Source material |
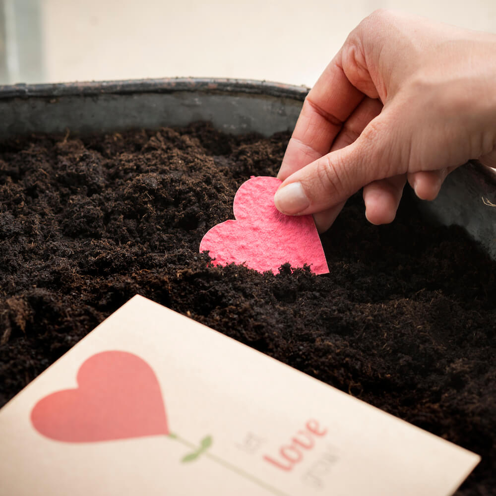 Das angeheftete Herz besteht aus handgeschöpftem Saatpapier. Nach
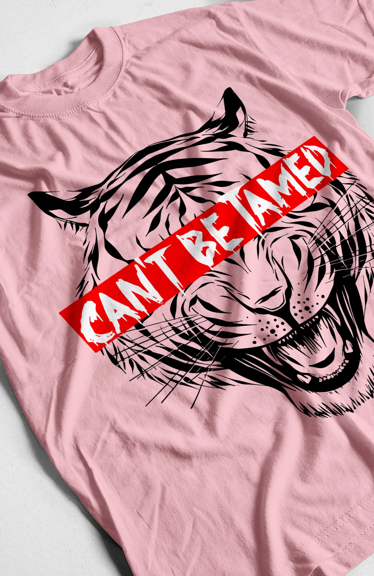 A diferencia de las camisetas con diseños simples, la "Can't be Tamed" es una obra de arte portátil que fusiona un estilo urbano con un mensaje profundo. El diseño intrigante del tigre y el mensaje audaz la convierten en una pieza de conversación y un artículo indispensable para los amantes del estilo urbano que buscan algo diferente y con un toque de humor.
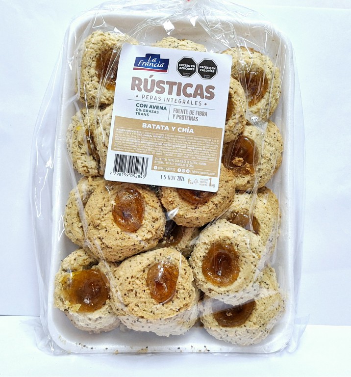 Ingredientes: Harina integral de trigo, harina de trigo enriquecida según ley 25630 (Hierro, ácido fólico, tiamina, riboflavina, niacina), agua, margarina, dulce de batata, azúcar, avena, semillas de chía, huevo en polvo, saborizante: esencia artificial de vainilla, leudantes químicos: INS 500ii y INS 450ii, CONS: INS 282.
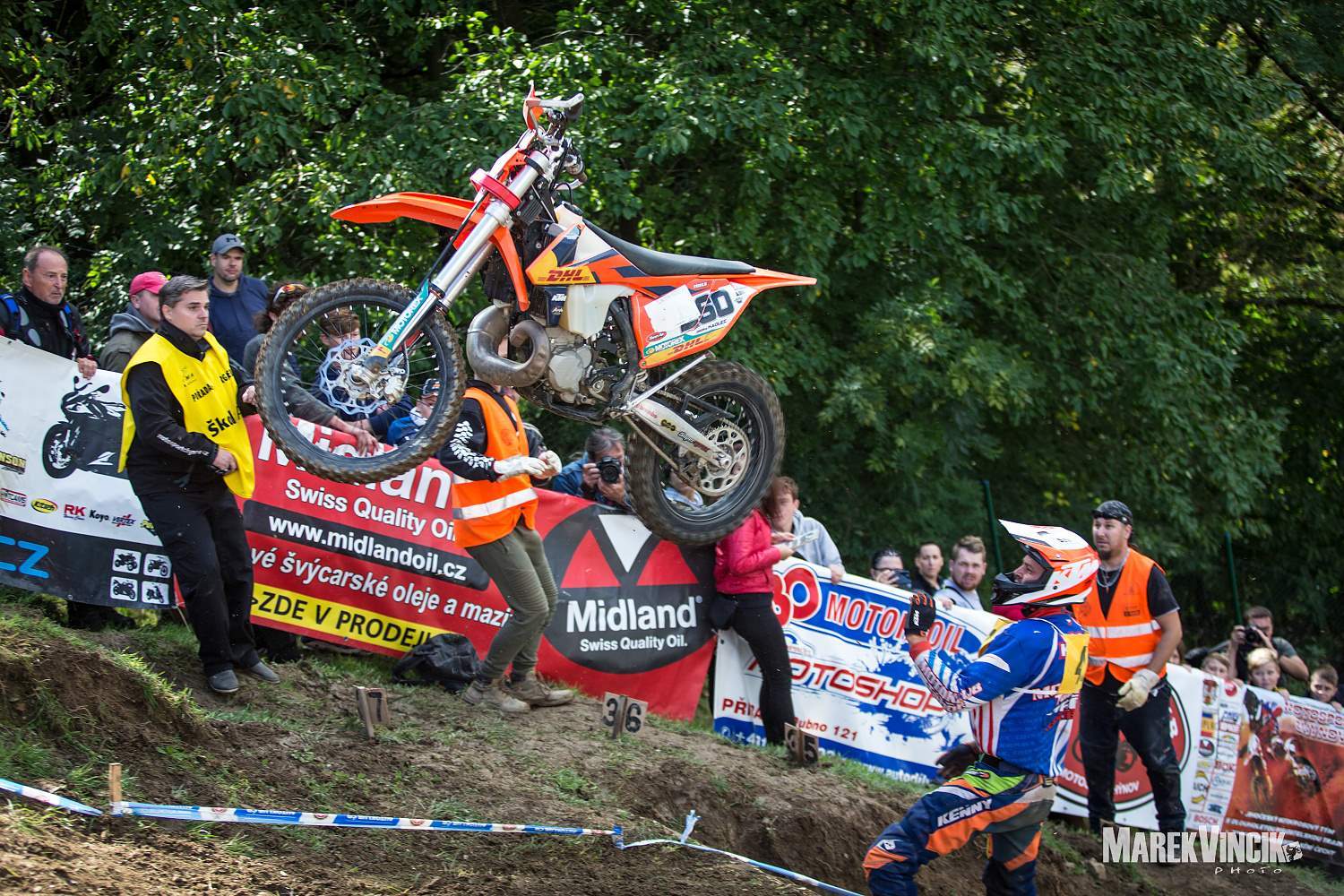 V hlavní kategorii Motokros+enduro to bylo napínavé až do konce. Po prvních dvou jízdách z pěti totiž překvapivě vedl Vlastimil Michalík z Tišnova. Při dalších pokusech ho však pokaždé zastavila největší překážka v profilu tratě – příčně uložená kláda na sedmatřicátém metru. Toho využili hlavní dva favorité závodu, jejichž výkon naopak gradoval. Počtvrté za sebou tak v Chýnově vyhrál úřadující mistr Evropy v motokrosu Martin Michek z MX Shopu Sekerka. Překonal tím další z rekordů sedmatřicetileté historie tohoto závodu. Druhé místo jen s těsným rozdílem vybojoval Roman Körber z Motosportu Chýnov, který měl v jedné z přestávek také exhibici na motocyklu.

Instructions to follow | Take the listing above and print it exactly, apart from the pictures.

Reply |
 Das angeheftete Herz besteht aus handgeschöpftem Saatpapier. Nach
 A diferencia de las camisetas con diseños simples, la "Can't be Tamed" es una obra de arte portátil que fusiona un estilo urbano con un mensaje profundo. El diseño intrigante del tigre y el mensaje audaz la convierten en una pieza de conversación y un artículo indispensable para los amantes del estilo urbano que buscan algo diferente y con un toque de humor.
 Ingredientes: Harina integral de trigo, harina de trigo enriquecida según ley 25630 (Hierro, ácido fólico, tiamina, riboflavina, niacina), agua, margarina, dulce de batata, azúcar, avena, semillas de chía, huevo en polvo, saborizante: esencia artificial de vainilla, leudantes químicos: INS 500ii y INS 450ii, CONS: INS 282.
 V hlavní kategorii Motokros+enduro to bylo napínavé až do konce. Po prvních dvou jízdách z pěti totiž překvapivě vedl Vlastimil Michalík z Tišnova. Při dalších pokusech ho však pokaždé zastavila největší překážka v profilu tratě – příčně uložená kláda na sedmatřicátém metru. Toho využili hlavní dva favorité závodu, jejichž výkon naopak gradoval. Počtvrté za sebou tak v Chýnově vyhrál úřadující mistr Evropy v motokrosu Martin Michek z MX Shopu Sekerka. Překonal tím další z rekordů sedmatřicetileté historie tohoto závodu. Druhé místo jen s těsným rozdílem vybojoval Roman Körber z Motosportu Chýnov, který měl v jedné z přestávek také exhibici na motocyklu.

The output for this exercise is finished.